Descascarando desde arriba, la Guerra Fría dio a luz la estrategia de la tensión con la clandestinidad paramilitar de la Operación Gladio y así se fue revolviendo una masa cada vez más retorcida y dilatada de intereses en donde fue creciendo la degradación política y la corrupción. En el centro, el Estado con la inamovible guía de la Democracia Cristiana y sus personajes líticos como Giulio Andreotti, el más inconmovible de sus cuadros, que pudo sostener sobre su joroba todo el cúmulo de particularismos.

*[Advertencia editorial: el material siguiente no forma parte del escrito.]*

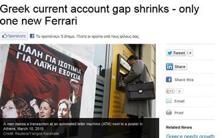 «Ωστόσο, αποκαλυπτικά στατιστικά στοιχεία έδειξαν πως ο επιδεικτικός τρόπος ζωής είναι πλέον έξω από τη μόδα στη χρεοκοπημένη Ελλάδα. Μόνο ένα νέο σπορ αυτοκίνητο Ferrari έχει καταχωρηθεί σε εθνικό επίπεδο στο σύνολο των αγορών για το 2012. Αυτό, συν ένα άλλο μεταχειρισμένο Ferrari που πωλήθηκε, σε αντίθεση με 21 ολοκαίνουργια και 37 μεταχειρισμένα που καταγράφηκαν στις πωλήσεις εντός του 2007, το τελευταίο έτος πριν η ύφεση χτυπήσει την Ελλάδα», επισημαίνεται στο Reuters, όπου υπογραμμίζεται πως «το έλλειμμα των τρεχουσών συναλλαγών συρρικνώθηκε στο 2,9 % του ακαθάριστου εγχώριου προϊόντος (ΑΕΠ) το 2012 από 9,9 % το προηγούμενο έτος - το χαμηλότερο ποσοστό τουλάχιστον από το 1999, σύμφωνα με τα διαθέσιμα στοιχεία».

El resto de agrupaciones políticas aparecen orbitando, con un Partido Comunista cada vez más potente, el cual fue arrastrado por la vorágine del compromiso histórico para homogeneizar un gobierno sobrepasado por la proporcionalidad y su consiguiente multipartidismo solo efectivo mediante coaliciones, como deja claro el periodo del pentapartito.

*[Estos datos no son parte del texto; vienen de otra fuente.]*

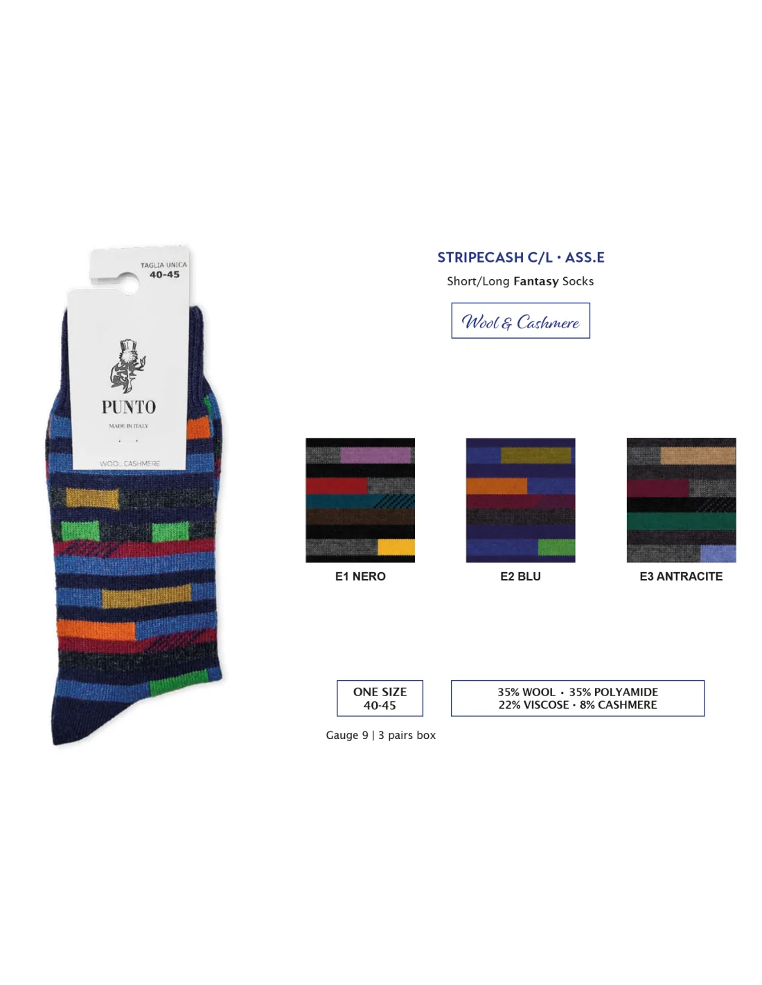 STRIPECASH L - Calza lunga a righe in lana & cashmere (scatola da 3 paia)

Entremezcladas fuerzas paralelas atravesaban las instituciones y se balanceaban sobre una frontera de la legalidad cada vez más borrosa: los clanes mafiosos o la logia masónica P2 de Licio Gelli, la cual aglutinó a muchos responsables políticos, militares e industriales en la búsqueda de un semblante más autoritario para Italia.
Mientras tanto, terroristas neofascistas y de las Brigadas Rojas sembraban el país con asesinatos imposibles de resolver, ya que las falsificaciones autorales eran cotidianas, las enemistades incalculables y el indagar, un suicidio.

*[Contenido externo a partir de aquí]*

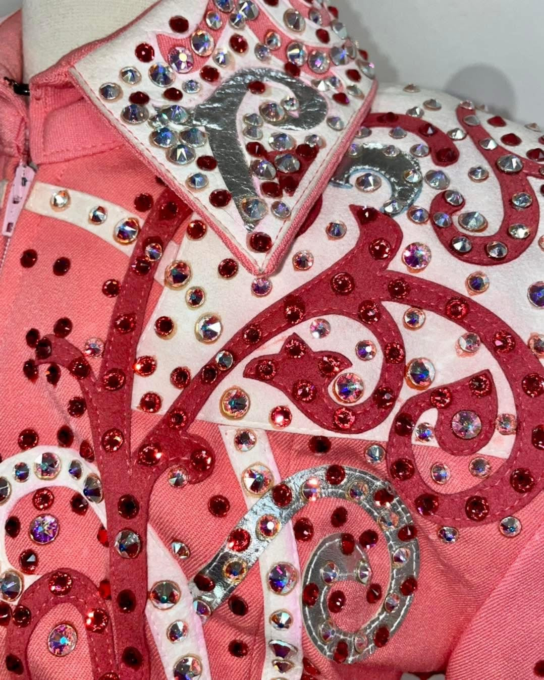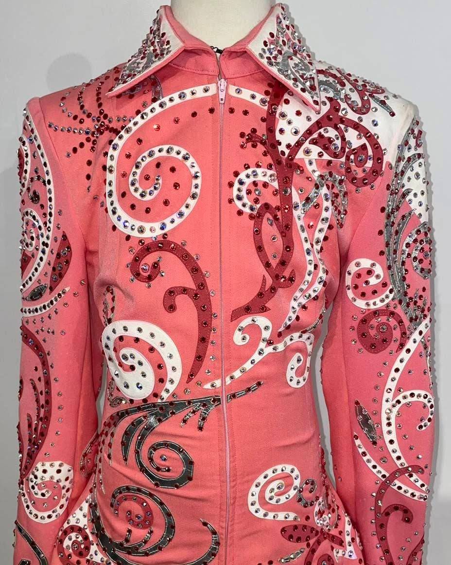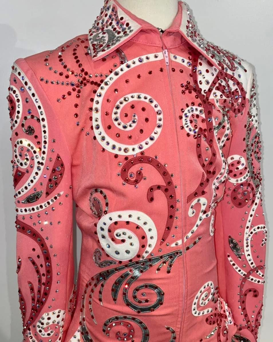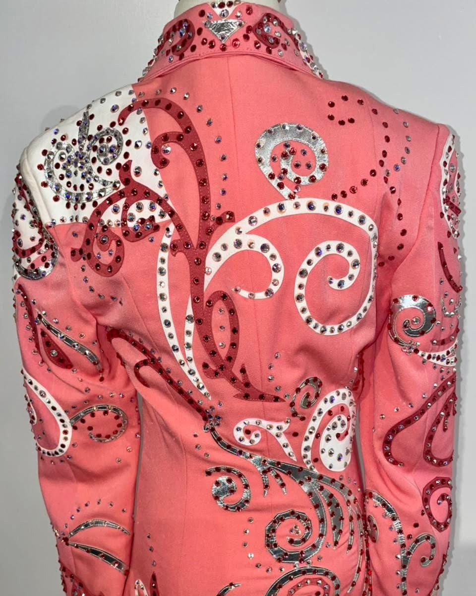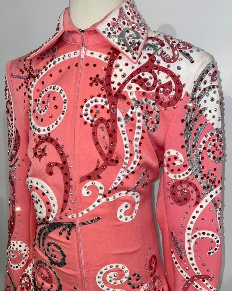 Hawkewood, girl’s/teen western set in salmon pink with silver and white trim with some stretch. This three piece set includes the jack, ultra suede chaps and pants. This option was only worn a handful of times and is in like-new condition. Approximately fits a girl’s size 12 and can go up or down a size. Asking $1,200.

Enroscado en lo más oculto de toda esta maraña de ambiciones subyacía el Vaticano, y es aquí donde emerge, como chivo expiatorio no inocente, el Banco Ambrosiano con su presidente Roberto Calvi, el financista preferido del poder, que aspirando a ser el banquero de Dios, fue lavador de la mafia, testaferro de la iglesia, brazo financiero de la P2, inversor fantasma de dictadores latinoamericanos y del sindicato Solidaridad de Polonia, al mismo tiempo que investigado por el Banco de Italia y perseguido por la justicia.
Finalmente, las crisis de liquidez, los rescates y los desfalcos sacaron a la luz el entramado. Por lo tanto, con la policía siguiéndole los talones, sin la protección del ya prófugo Licio Gelli -por haber sido descubierta la logia-, y siendo deudor de la mafia mientras imploraba a una iglesia que se lavaba las manos, solo le quedó escapar, pero no había lugar en el mundo donde hubiera podido esconderse.
El agente secreto Francesco Pazienza, otro personaje estrambótico implicado en el escándalo del Ambrosiano, además de la masacre de la estación de Bolonia y el intento de asesinato de Juan Pablo II, se sabía mover mejor en las sombras, pero Calvi quedó desesperadamente expuesto y nunca nadie había tenido tantos amigos potencialmente enemigos; servicios secretos, IOR (Banco Vaticano), Camorra, Cosa Nostra, Banda della Magliana, P2 y varios políticos, de tal modo que su cadáver apareció en Londres colgado sobre el Támesis.
Calvi pagó con su vida el personificar una época embarullada y lóbrega, que se agotaría cuando cayeron los partidos dominantes por el proceso judicial de Manos Limpias, y que explotaría por los aires al mismo tiempo que los jueces Giovanni Falcone y Paolo Borsellino, últimos mártires de esta película de cine negro, mezcla de una sátira melancólica de Federico Fellini con la crudeza neorrealista de Pier Paolo Passolini, alienante y onírica sociedad de culpables que solo Elio Petri podría haber engendrado.
Junto a eternos folios de juicios imposibles, la banda sonora continua de la cabecera del telediario de la RAI, que al compás de las bombas y el eco del musitar de las balas, hacía retumbar la escenografía apabullante y sórdida de esa coreografía luctuosa de políticos como Aldo Moro, periodistas como Mino Pecorelli, banqueros como Michele Sindona, generales como Carlo Alberto dalla Chiesa o jueces como Emilio Alessandrini, que lubricaron con su sangre los arcanos mecanismos de poder de ese desmesuradamente humano escenario llamado Italia.